— Work to be completed —
Look through the entries below and copy exactly the part that begins with the line containing "CG MOBILE, BMW" and ends with the line containing "下午1時20分,被兒子背逃回". Do not copy the pictures.

— Data supplied —
BEGIN
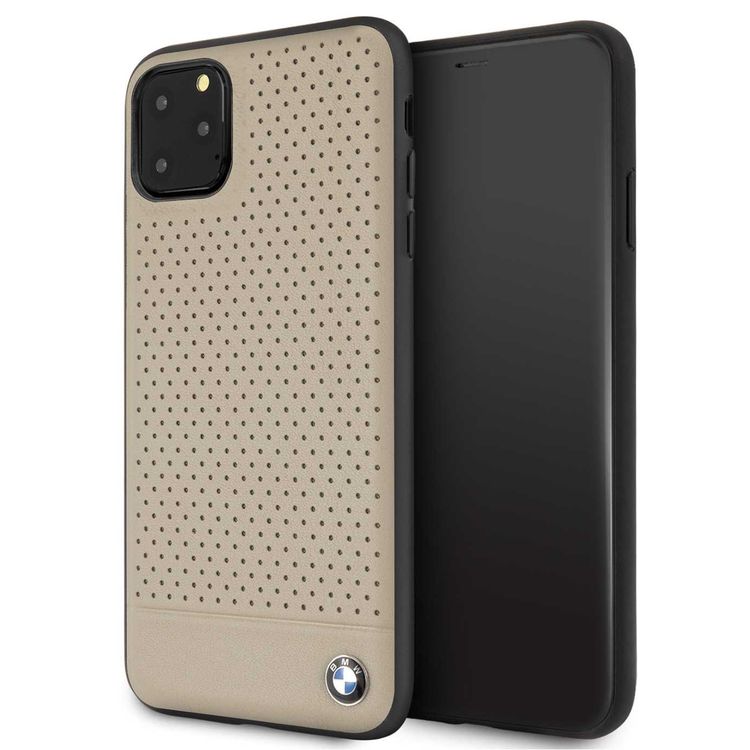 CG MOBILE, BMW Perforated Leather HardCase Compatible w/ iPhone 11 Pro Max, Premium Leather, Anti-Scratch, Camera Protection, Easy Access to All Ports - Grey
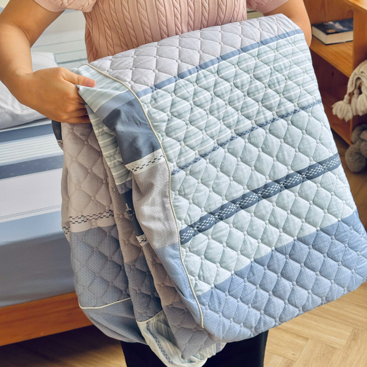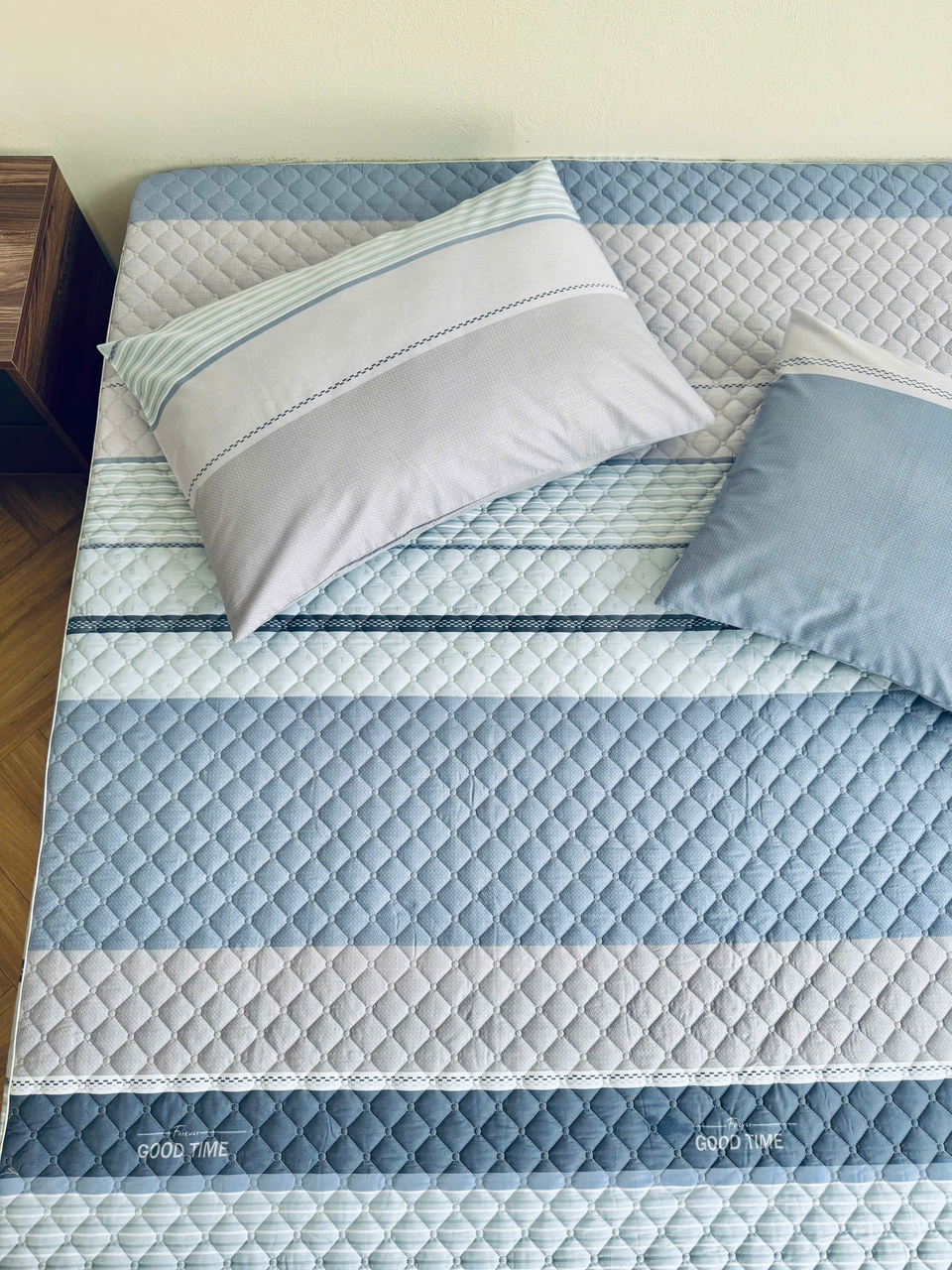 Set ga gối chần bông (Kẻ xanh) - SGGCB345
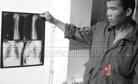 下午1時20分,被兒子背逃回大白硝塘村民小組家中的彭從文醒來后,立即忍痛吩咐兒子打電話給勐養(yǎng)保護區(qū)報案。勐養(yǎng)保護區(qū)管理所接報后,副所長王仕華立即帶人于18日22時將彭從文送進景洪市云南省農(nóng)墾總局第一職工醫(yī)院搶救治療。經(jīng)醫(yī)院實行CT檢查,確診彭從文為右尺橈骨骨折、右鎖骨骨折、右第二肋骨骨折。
END
BEGIN
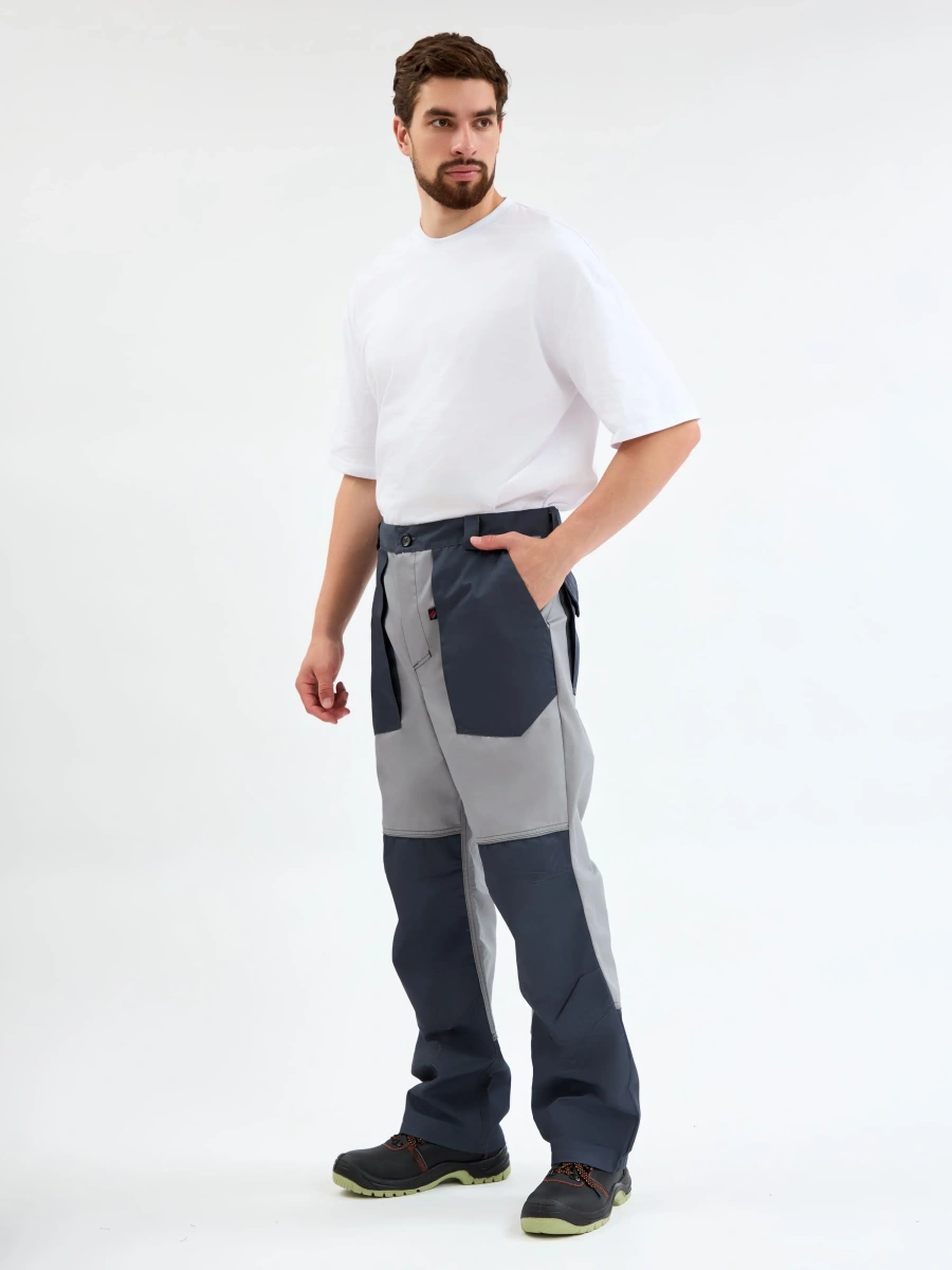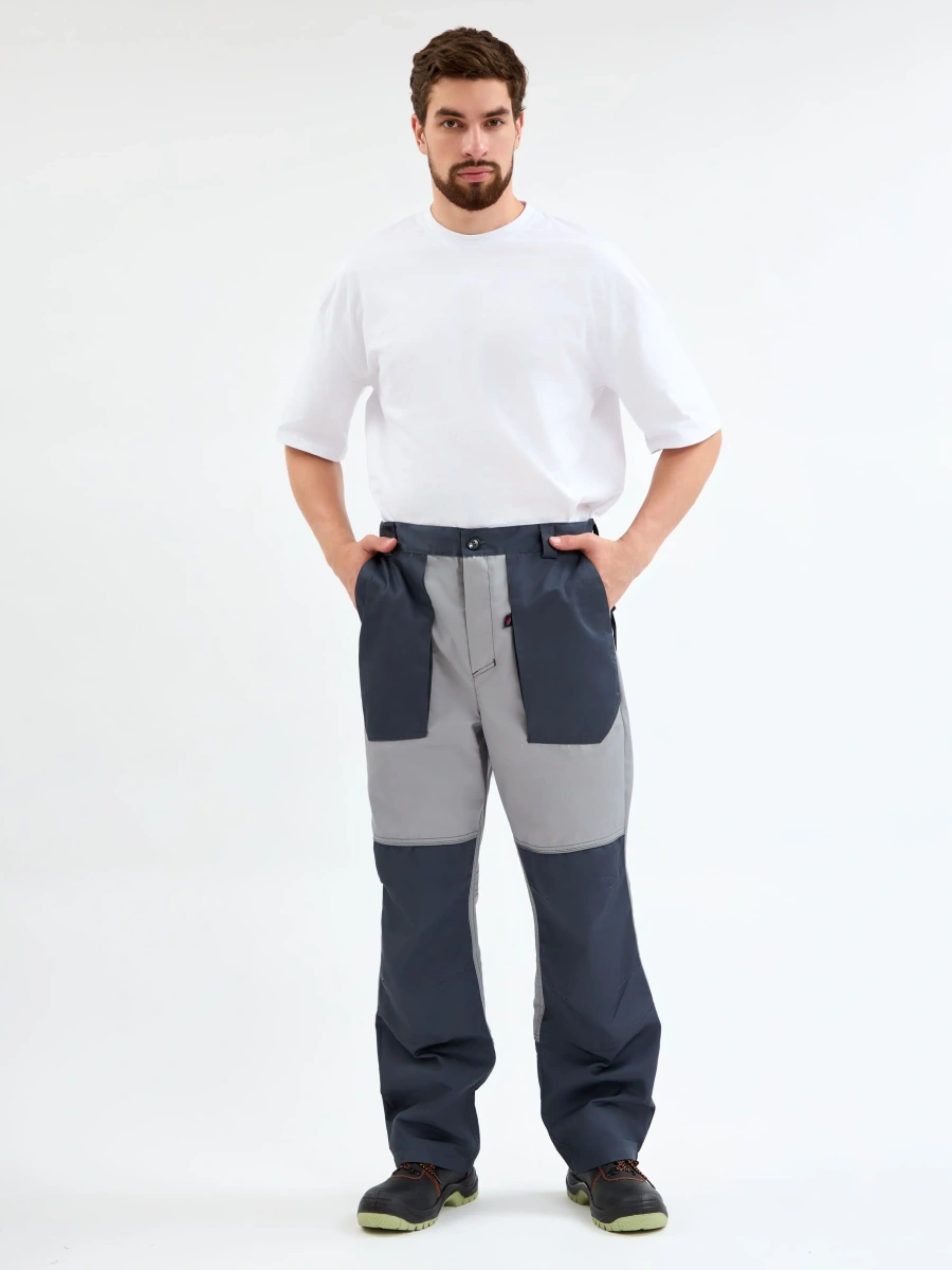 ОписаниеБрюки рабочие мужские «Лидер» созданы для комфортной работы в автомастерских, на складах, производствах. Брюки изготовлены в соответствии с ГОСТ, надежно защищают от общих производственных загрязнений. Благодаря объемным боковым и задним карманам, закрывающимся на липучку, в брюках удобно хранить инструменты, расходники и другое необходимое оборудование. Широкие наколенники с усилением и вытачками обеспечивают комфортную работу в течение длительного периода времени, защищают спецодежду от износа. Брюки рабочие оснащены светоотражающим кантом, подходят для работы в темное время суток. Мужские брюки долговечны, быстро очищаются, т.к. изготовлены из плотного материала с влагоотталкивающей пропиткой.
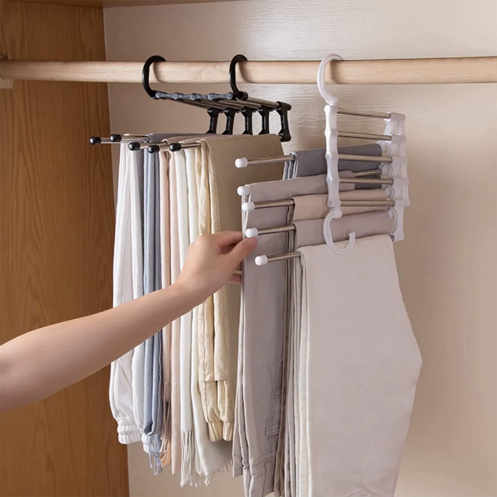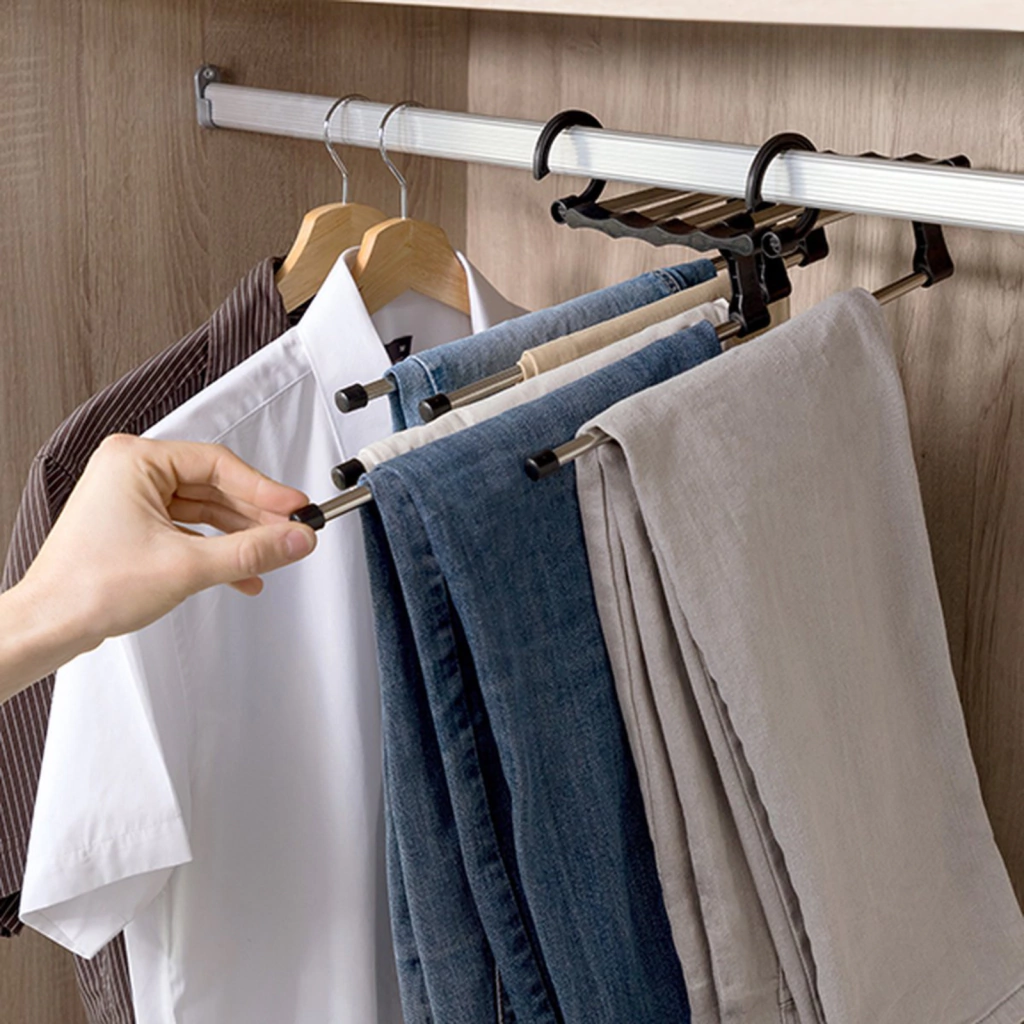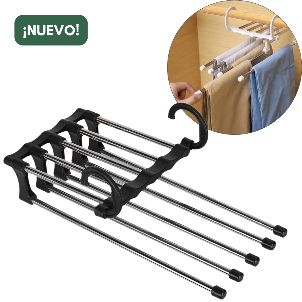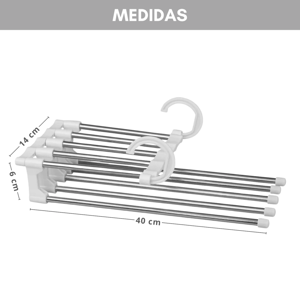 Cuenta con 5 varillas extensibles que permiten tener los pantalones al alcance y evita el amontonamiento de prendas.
END
BEGIN
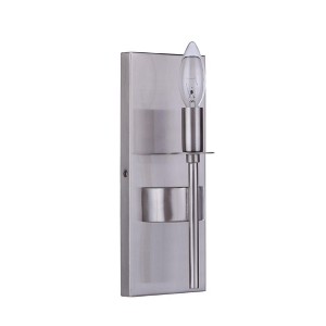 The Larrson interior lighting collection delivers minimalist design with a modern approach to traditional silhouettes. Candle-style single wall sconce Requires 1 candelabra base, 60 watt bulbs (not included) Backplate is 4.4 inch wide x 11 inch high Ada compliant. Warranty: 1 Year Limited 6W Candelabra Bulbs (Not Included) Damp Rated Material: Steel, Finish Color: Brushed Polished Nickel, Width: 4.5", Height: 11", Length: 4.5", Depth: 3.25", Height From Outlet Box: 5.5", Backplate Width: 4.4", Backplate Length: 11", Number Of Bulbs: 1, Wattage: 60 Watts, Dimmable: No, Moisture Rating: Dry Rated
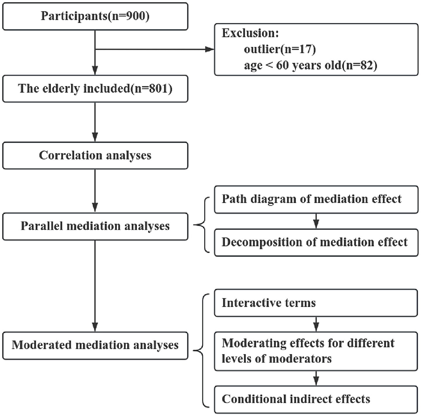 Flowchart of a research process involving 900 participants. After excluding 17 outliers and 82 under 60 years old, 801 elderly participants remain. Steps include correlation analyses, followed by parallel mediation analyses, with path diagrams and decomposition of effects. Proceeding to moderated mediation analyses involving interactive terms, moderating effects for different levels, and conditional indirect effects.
END
— Result —
 CG MOBILE, BMW Perforated Leather HardCase Compatible w/ iPhone 11 Pro Max, Premium Leather, Anti-Scratch, Camera Protection, Easy Access to All Ports - Grey
 Set ga gối chần bông (Kẻ xanh) - SGGCB345
 下午1時20分,被兒子背逃回大白硝塘村民小組家中的彭從文醒來后,立即忍痛吩咐兒子打電話給勐養(yǎng)保護區(qū)報案。勐養(yǎng)保護區(qū)管理所接報后,副所長王仕華立即帶人于18日22時將彭從文送進景洪市云南省農(nóng)墾總局第一職工醫(yī)院搶救治療。經(jīng)醫(yī)院實行CT檢查,確診彭從文為右尺橈骨骨折、右鎖骨骨折、右第二肋骨骨折。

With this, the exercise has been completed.